We can prevent this by being more strategic when rolling out new versions of our products. In this article, we’ll look into a strategy for product designers and front-end engineers to thoroughly test and deploy a feature before releasing it to the entire user base, and how to avoid UX issues from creeping up down the road.
Before diving into an actual testing strategy, let’s step back and examine common misconceptions of how a new feature is designed, built and eventually deployed.
New Feature Misconceptions
Whenever a new feature for an existing product is designed, the main focus is usually on how exactly it should be integrated in the existing interface. To achieve consistency, we designers will often look into existing patterns and apply the established design language to make the new feature sit well in the UI. However, problems often occur not because components don’t work together visually, but rather because they turn out to be confusing or ambiguous when combined in unexpected ways.

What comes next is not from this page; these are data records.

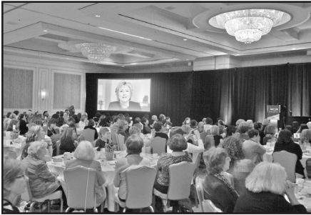
Convention attendees listen to Hillary Clinton.

Over 300 impressive, articulate, passionate women representing 42 sections attended the NCJW 47th National Convention in Atlanta, Georgia. Many were long-time NCJW members who held leadership positions in their sections. Others were newer members and/
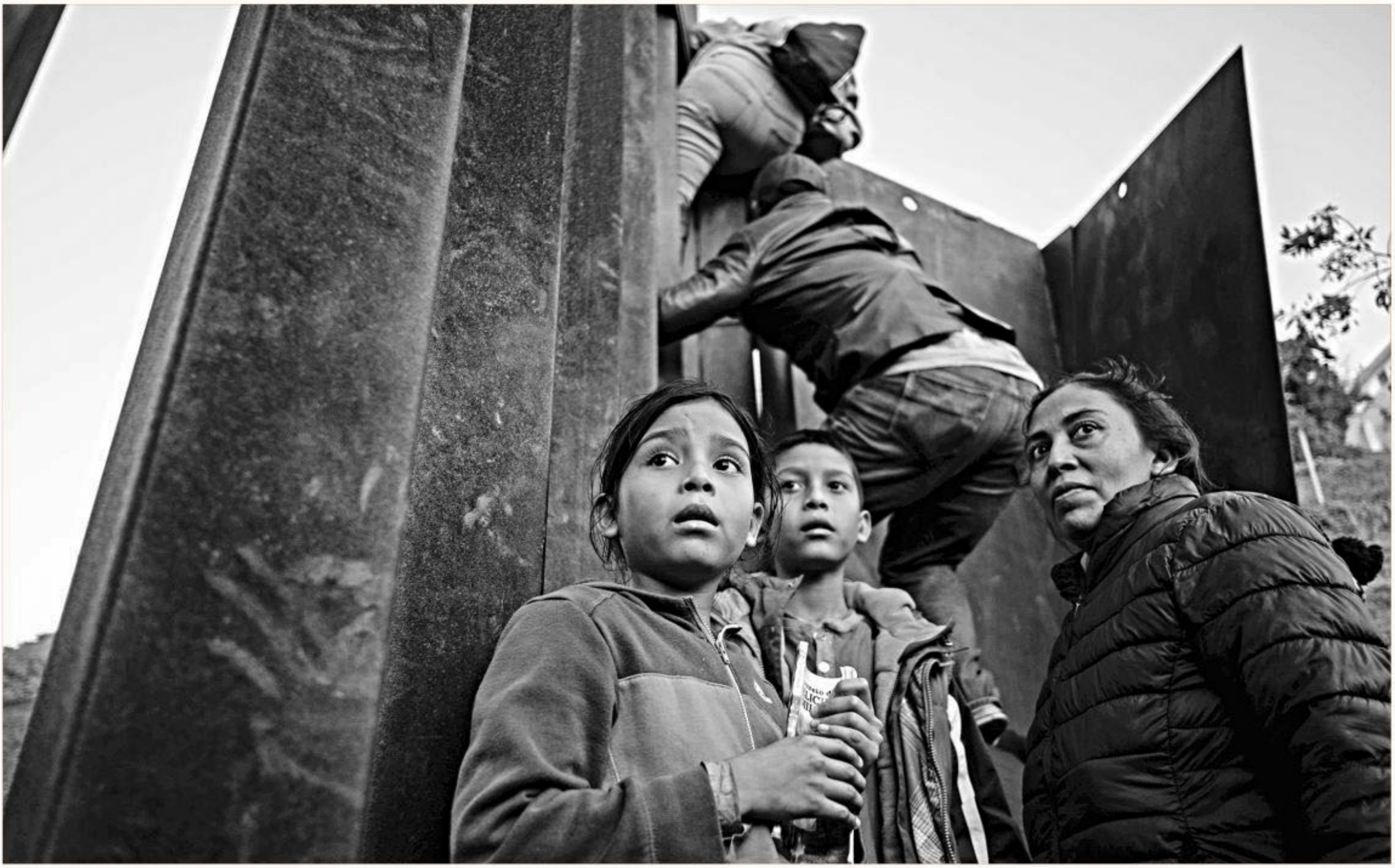
Central American migrants travelling in a caravan, hesitate as others climb the Mexico-US border fence in an attempt to cross to San Diego County, in Playas de Tijuana, Baja California state, Mexico on Wednesday. Thousands of Central American migrants have trekked for over a month in the hopes of reaching the United States.
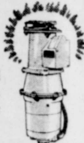
MODEL FA-3ER DISPOSALL

The electrically operated Disposall shreds all food waste—including bones—into fine particles, which are carried down the drain and out of the house—immediately. Your sink is always clean!
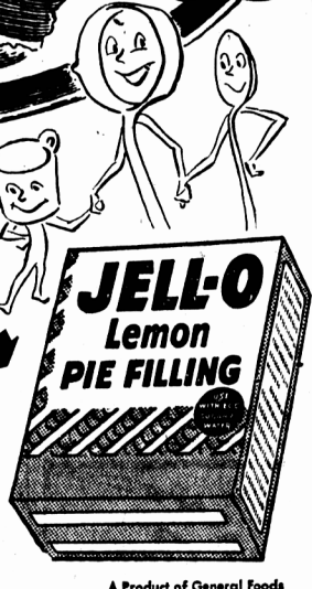
A Product of General Foods

Jell-O is a trade-mark owned by General Foods, Limited
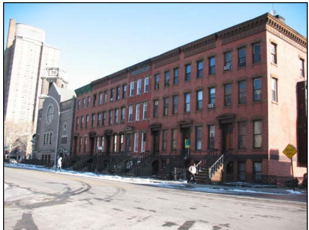
Figure 3.6-2 (Continued) Historic Resources #9-#10

(9) View looking northeast along Alexander Avenue in the Mott Haven NYC Landmarks Preservation Commission Historic District (Resource #9).
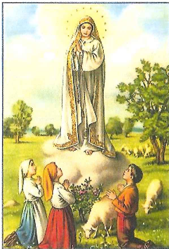
Our Lady of Fatima appears in 1917 to Lucia, and her two cousins, Blessed Francisco and Blessed Jacinta.

One of over 12,000 rallies planned nationwide for this date and time and coordinated nationally by AMERICA NEEDS FATIMA campaign of Tradition, Family and Property.
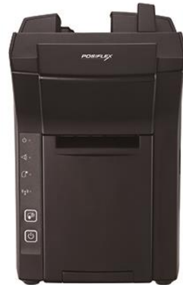
Docking Station + Printer
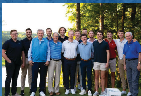
Members at the GlenArbor retreat.

For alumni having updated contact information or questions about TEC, send an email to updates@nebraskabeta.com .
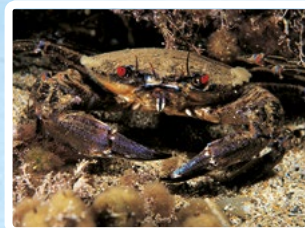
VELVET SWIMMING CRAB Its upper shell has a feeling of soft velvet and its blood red eyes and aggressive demeanor have given it the common name "Devil Crab".
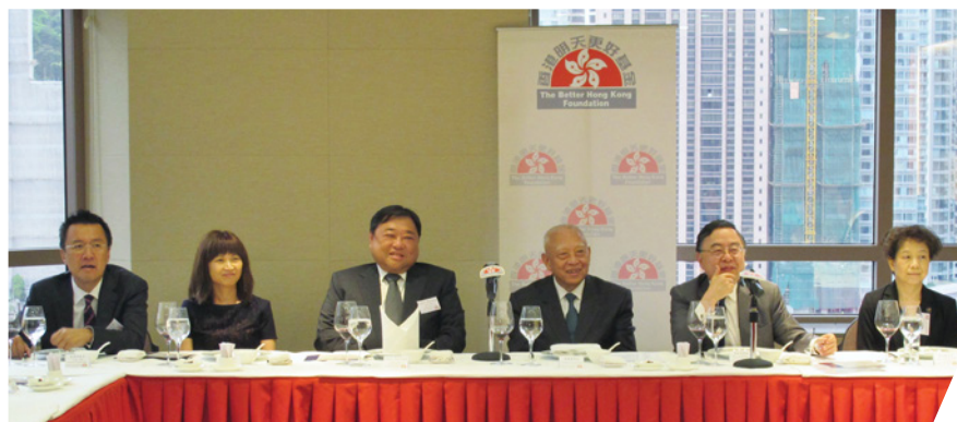
Meeting with Mr. Tung Chee-hwa, Vice Chairman of Chinese People's Political Consultative Conference and first Chief Executive of HKSAR

Since its establishment, the Foundation has made every effort to encourage dialogues and exchanges between Hong Kong, Mainland China and counterparts around the world. At our annual delegation to the U.S. led by the Foundation's Executive Committee Chairman Mr. Ronnie Chan in July, we met new friends and renewed friendships with our old connections inside the Beltway and New York, to share and exchange views on issues related to Hong Kong, Mainland China and in the U.S. Just before President Xi Jinping's visit to the U.S., the Foundation brought six senior U.S. journalists to Beijing, Xi'an and Hong Kong in early September, under the China-U.S. Journalists Exchange Program which was jointly organized with the All-China Journalists Association and the East-West Centre. The program
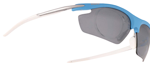
« SPORT EQUIPMENT » CATEGORY DEMETZ WITH « LAZER-RUN »
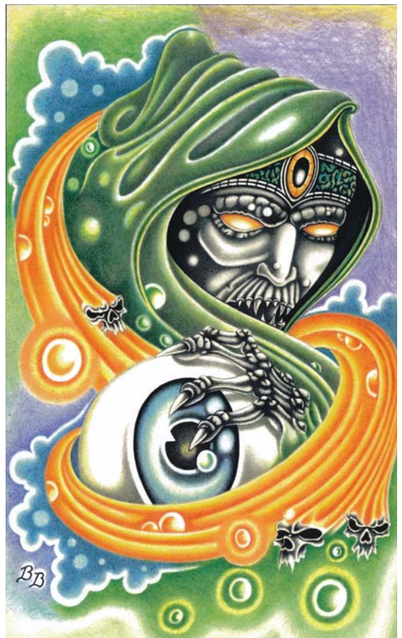
Featured artwork of "Bam Bam"
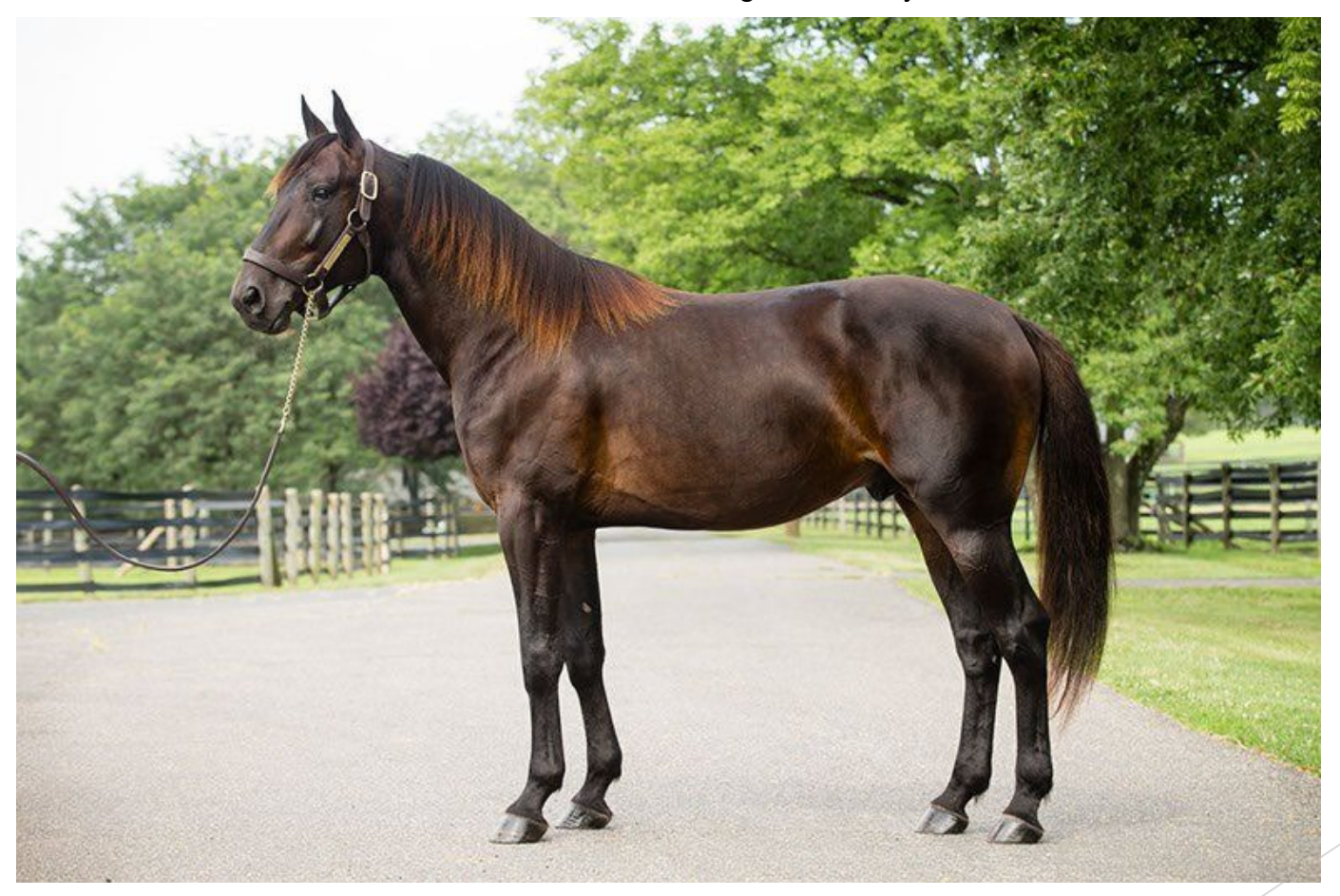
STANDING AT SOUTHWIND FARM www.southwindfarms.net

A winner of 9 of 10 career starts, including 7 of 8 at two, highlighted by the Breeders Crown (elim and Final), Kindergarten Final and the International Stallion Stake at The Red Mile, trotting to his two-year-old World Record of 2,1:51.3.
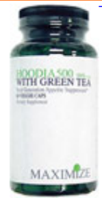
Hoodia 500 mg With Green Tea

The polyphenols found in Chinese diet Green Tea may be held accountable. With its high amount of polyphenols, Chinese diet Green Tea seems to have a stimulating
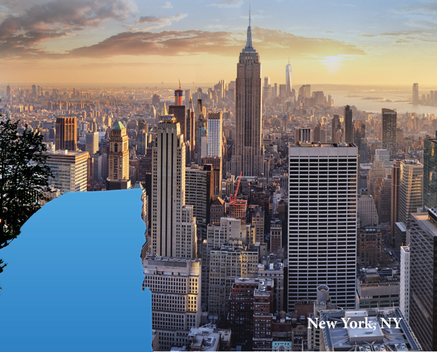
New York, NY
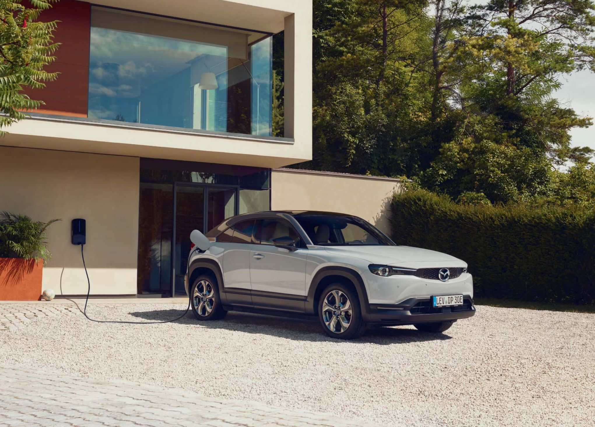
This image is showing a Mazda MX-30 in Ceramic White 3-tone
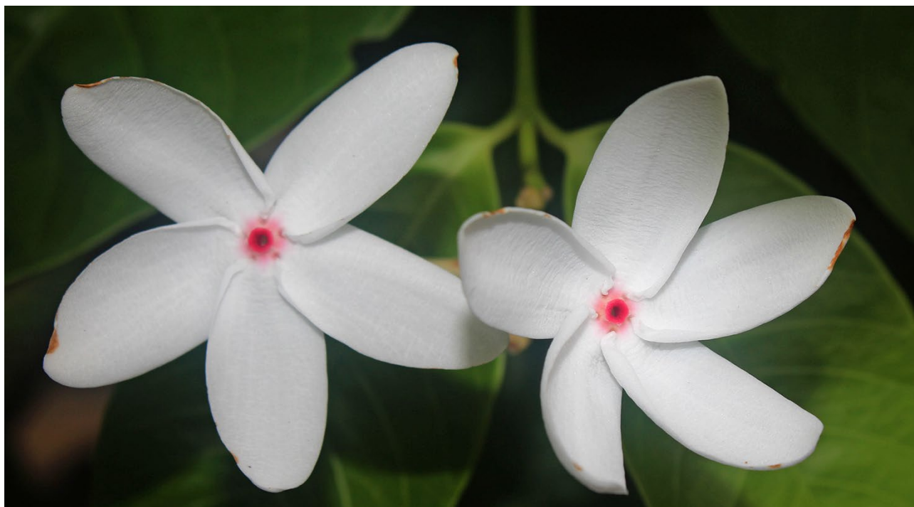
Fig. 3. Kopsia singaporensis , an example of a species with a lectotype collected in Singapore which was selected from original material including specimens from Singapore and from outside Singapore. (Photograph by: Ng Xin Yi).

Examples of names with a neotype from Singapore are: Calamus oxleyanus Teijsm. & Binn. ex Miq. (Henderson, 2020), Dillenia pulchella (Jack) Gilg (Hoogland, 1952), Eurycoma longifolia Jack (Turner, 2021) and Hypolytrum nemorum var. proliferum (Boeckeler) J.Kern. (Simpson, 2019).
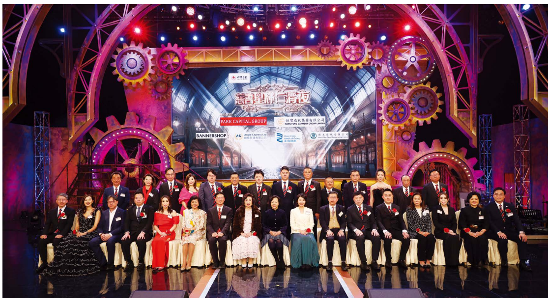
一眾董事局及顧問局成員合照 Group photo of Board and Advisory Board Members
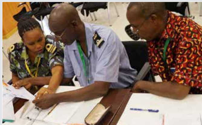
Participants take part in an exercise during the SAR On-Scene Coordination Training held in Khartoum Sudan.

and Sudan also assisted the international facilitators in delivering the course, thereby enhancing their delivery skills and boosting regional skills transfer.
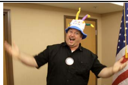
Love that birthday hat!

Today we heard from two World War II veterans and others who told us where they were on December 7, 1941 – the day the Japanese bombed Pearl Harbor.
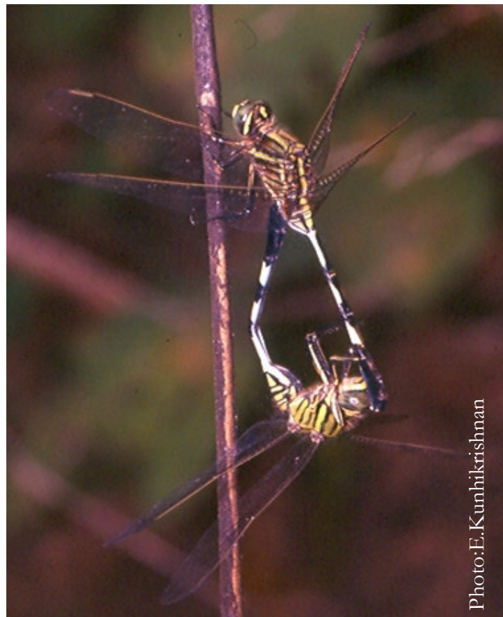
Green Marsh Hawk
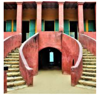
Maison des Esclaves
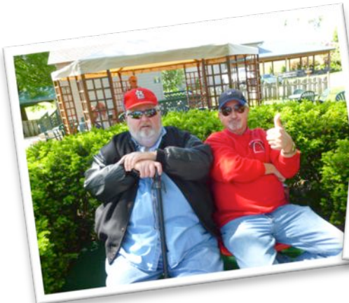
Isn't retirement great?
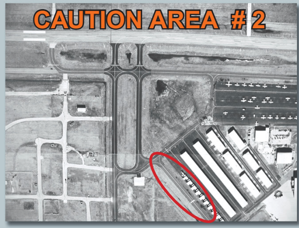
Looking North. Taxiway Bravo west of blue port-aports.

Perhaps the interface’s copy is ambiguous in related but distant areas of the website, or the outcome of two features being actively used at the same time makes sense from a technical perspective but doesn’t match user expectations or has major performance implications and hurts the UX.
In fact, in design, it is these numerous combinations that are so difficult to thoroughly predict and review. One way to approach the problem while already in the design process is by considering the outliers — use cases when things are more likely to go wrong. What would a user profile look like if the user’s name is very long? Is an overview of unanswered emails still obvious when a dozen inbox labels are being used? Would a new filter make sense for users who have just signed up and have just a few emails in their inbox?
Designing Outliers: The User Interface Stack
How exactly can we design the outliers once we’ve identified them? A good strategy is to study the different states of the user interface. The “user interface stack,” an idea introduced by Scott Hurff, is versatile and complicated, and when we design our interfaces, usually it’s not enough to craft a pixel-perfect mockup in Photoshop, Sketch or HTML and CSS — we have to consider various edge cases and states: the blank state, the loading state, the partial state, the error state and the ideal state. These aren’t as straightforward as we might think.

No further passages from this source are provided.